I then used the OPENJSON function to convert my data into a queryable JSON rowset:

SELECT	
	*
FROM
	OPENJSON(@Data)

This gave me one row per field, which was a start, but it wasn’t very useful yet. Here’s what that looked like:

What I needed to do was parse the JSON up so that I could effectively query it.

OPENJSON allows you to describe the shape of the JSON data, and using that, I was able to convert it to something that was closer to what I wanted.

With my updated OPENJSON query…

SELECT	
	*
FROM
	OPENJSON(@Data)
		WITH(
			[id] INT 'strict $.Id',
			[Name] VARCHAR(MAX) '$.Name',
			[Options] NVARCHAR(MAX) '$.Options' AS JSON
		)

I was able to actually get some structured data out of it and into a rowset!
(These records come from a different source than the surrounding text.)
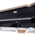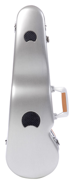 Estojo de violino com tampa superior em pele e tampa inferior em alumínio escovado. Cor cognac.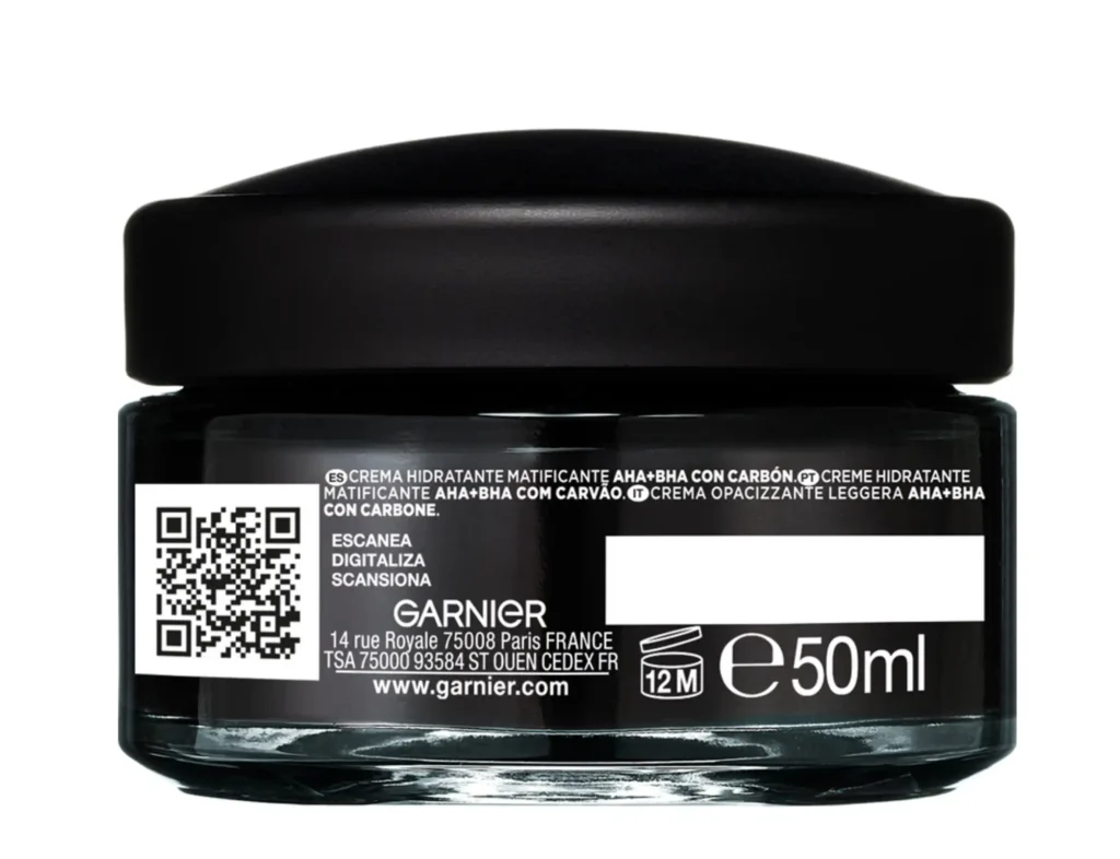 Garnier Luchtbevochtiger AHA+BHA met Houtskool – Licht Matterende Crème 50 ml. Producttype: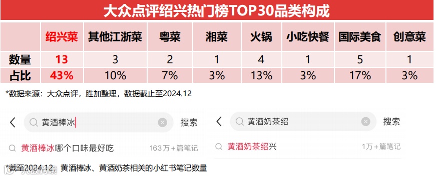 2024年五一假期,美团平台"绍兴菜”搜索量同比增长132.7%。截止至2024年12月,大众点评绍兴热门榜TOP30餐厅中,43%的餐厅为绍兴菜。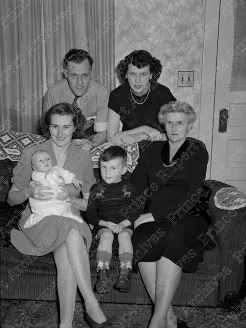 Scope & Content: Item consists of Mrs. Rice sitting down on the far right posing for a photograph with her son Lloyd standing on the left and his wife Libbie, two children and another woman. Handwritten annotation on recto of copy 2 reads: "Pr. Rupert. Sister. Mrs. Rice & Son Lloyd & Wife & Children. Nov. 1947." Stamped annotation on verso of copy 2 reads: "Photo by Jack Wrathall Prince Rupert, B. C."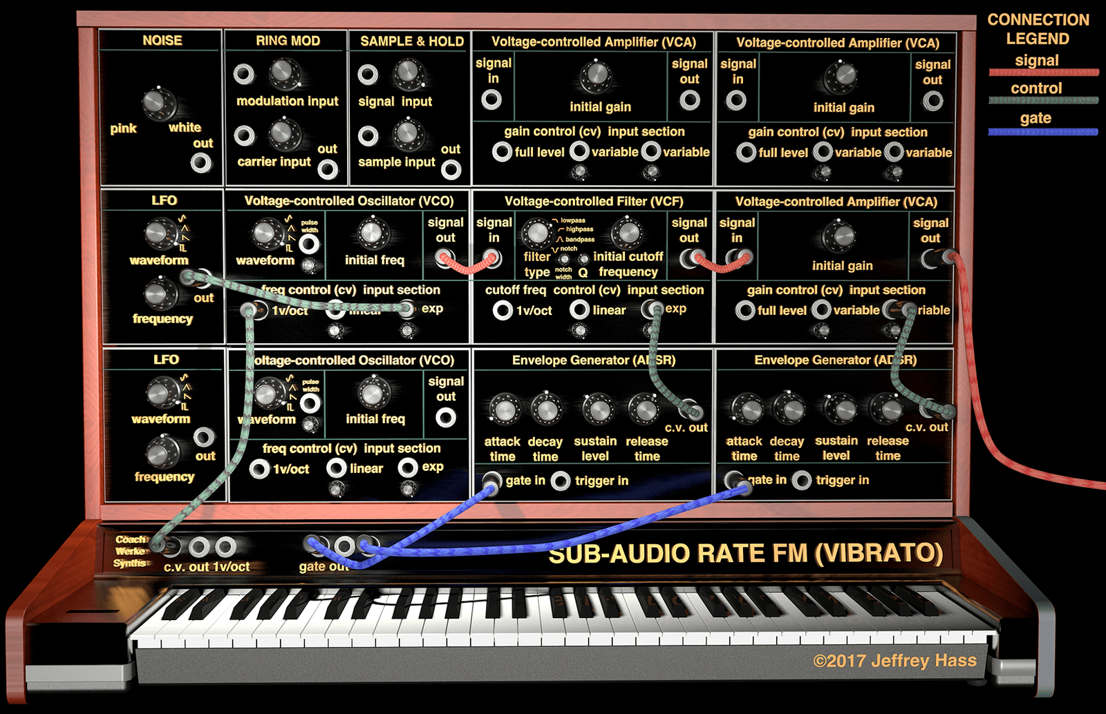 - The modulating wave is often summed with a second c.v. source. In this case, the keyboard voltage is also connected to a frequency control input on the VCO carrier, so with each different key, there is vibrato around the keyboard's center pitch.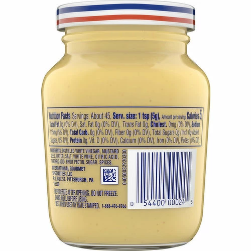 5 calories per 1 tsp. See nutrition information for sodium content. Made with white wine. Since 1777, Grey Poupon Dijon Mustard has been prepared in accordance with the original recipe from Dijon, France for Mustard-lovers with discerning taste. Made with #1 Grade Mustard Seeds, this white wine infused mustard is blended with spices offer the gourmet flavor you expect from Grey Poupon. By bringing the refined taste of Grey Poupon Dijon Mustard to your favorite dishes and recipes, you can truly treat yourself to the finer things in life. Mix this tangy mustard sauce with balsamic vinegar and olive oil to create a delicious salad dressing, or use it as an ingredient to make a gourmet Dijon Mustard glaze and enhance your favorite chicken or pork entree. Whether you’re snacking or preparing for a dinner party, Grey Poupon Dijon Mustard will elevate your next occasion. This Dijon Mustard is packaged in a 8 ounce resealable jar for easy application and lasting freshness.
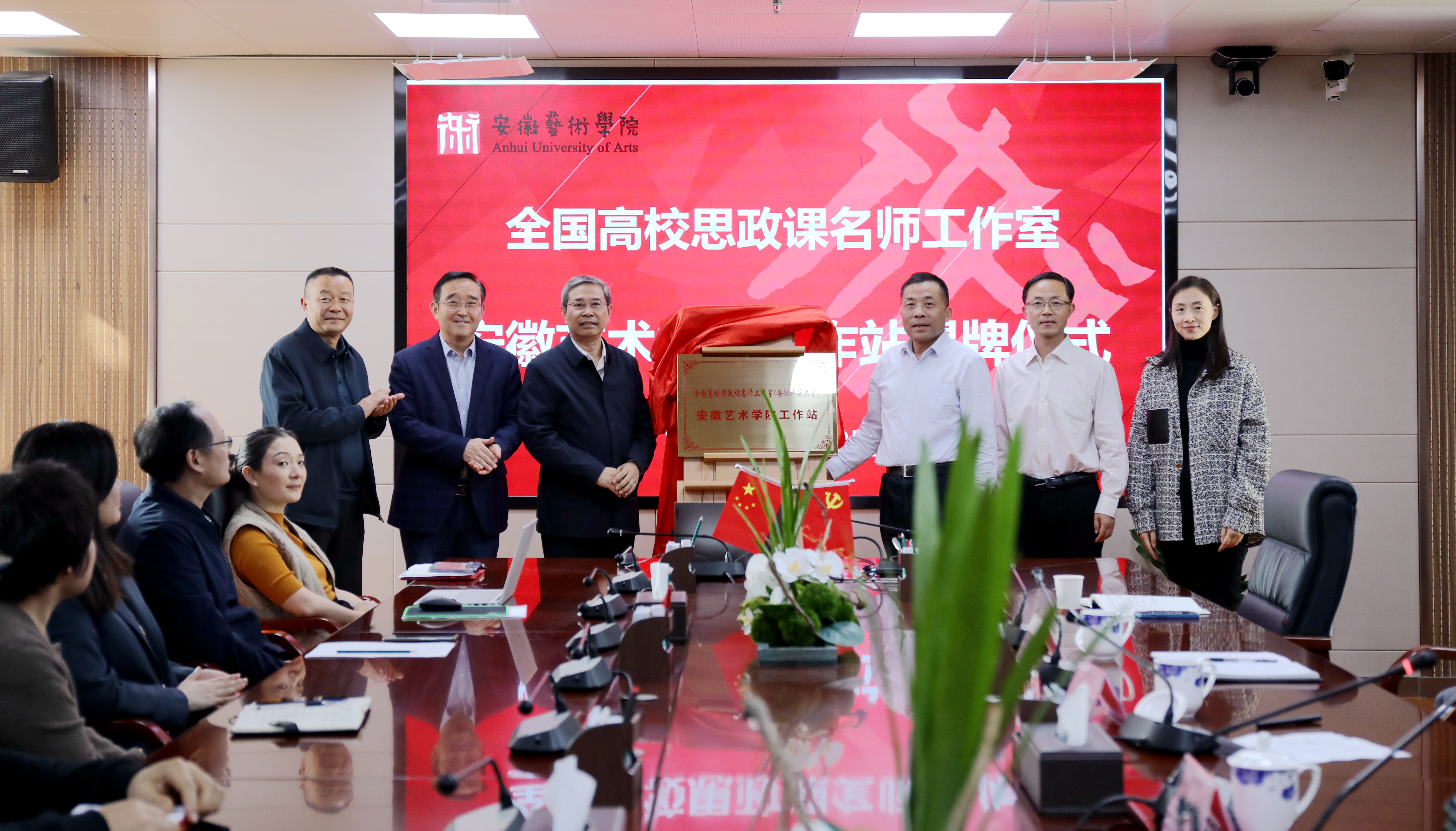 11月8日,“全国高校思政课名师工作室(安徽师范大学)安徽艺术学院工作站”揭牌仪式暨思想政治教育教学工作座谈会在我校马克思主义学院举行。党委副书记、校长樊嘉禄和党的二十大代表、全国最美思政课教师、安徽师范大学马克思主义学院路丙辉教授为工作站揭牌。马克思主义学院院长吴孔铎主持仪式。

I now had the names of each field, but the options themselves were still trapped in a JSON blob. I needed to go further.

First, I parsed the fields themselves into a temp table…

SELECT	
	id ,
    Name ,
    Options
INTO #FieldsWithOptionsBlob
FROM
	OPENJSON(@Data)
		WITH(
			[id] INT 'strict $.Id',
			[Name] VARCHAR(MAX) '$.Name',
			[Options] NVARCHAR(MAX) '$.Options' AS JSON
		)

I then parsed apart the options and loaded them up into a temp table. This proved a bit tricky. I had to use the CROSS APPLY operator along with the OPENJSON function:

SELECT
	f.Id,
	opt.Name
INTO #OptionValues
FROM
	#FieldsWithOptionsBlob f
	CROSS APPLY OPENJSON(f.Options, '$') 
	WITH (
		[id] INT 'strict $.Id',
		[Name] VARCHAR(MAX) '$.Name'
	)
	AS opt

Sidenote: CROSS APPLY is neat. Read more about it at MSSQLTips.

This query gave me the following results:

I now had a row for each option and corresponding field ID. All that was left was to put it all back together!

For that, I followed this approach from Codepal and used a CTE, combined with the good ole FOR XML trick for making CSV columns:

;WITH cte AS
    ( 
    SELECT
		f.Id,
        FieldName=f.Name,
		OptionName=o.Name
    FROM
        #FieldsWithOptionsBlob f
		LEFT JOIN #OptionValues o
			ON o.Id = f.Id
    )
SELECT
	f.Id,
	f.Name,
	STUFF(o.Options, 1, 1, '')
FROM
	#FieldsWithOptionsBlob f
	CROSS APPLY
	(
		SELECT
			', ' + cte.OptionName
		FROM
			cte
		WHERE
			cte.Id = f.Id
		FOR XML PATH('')
	) o(Options)

And that gave me what I wanted:

I’ll admit that it took me a bit to figure out the CROSS APPLY part, but stumbling through that sure beat manually trying to put this spreadsheet together! ?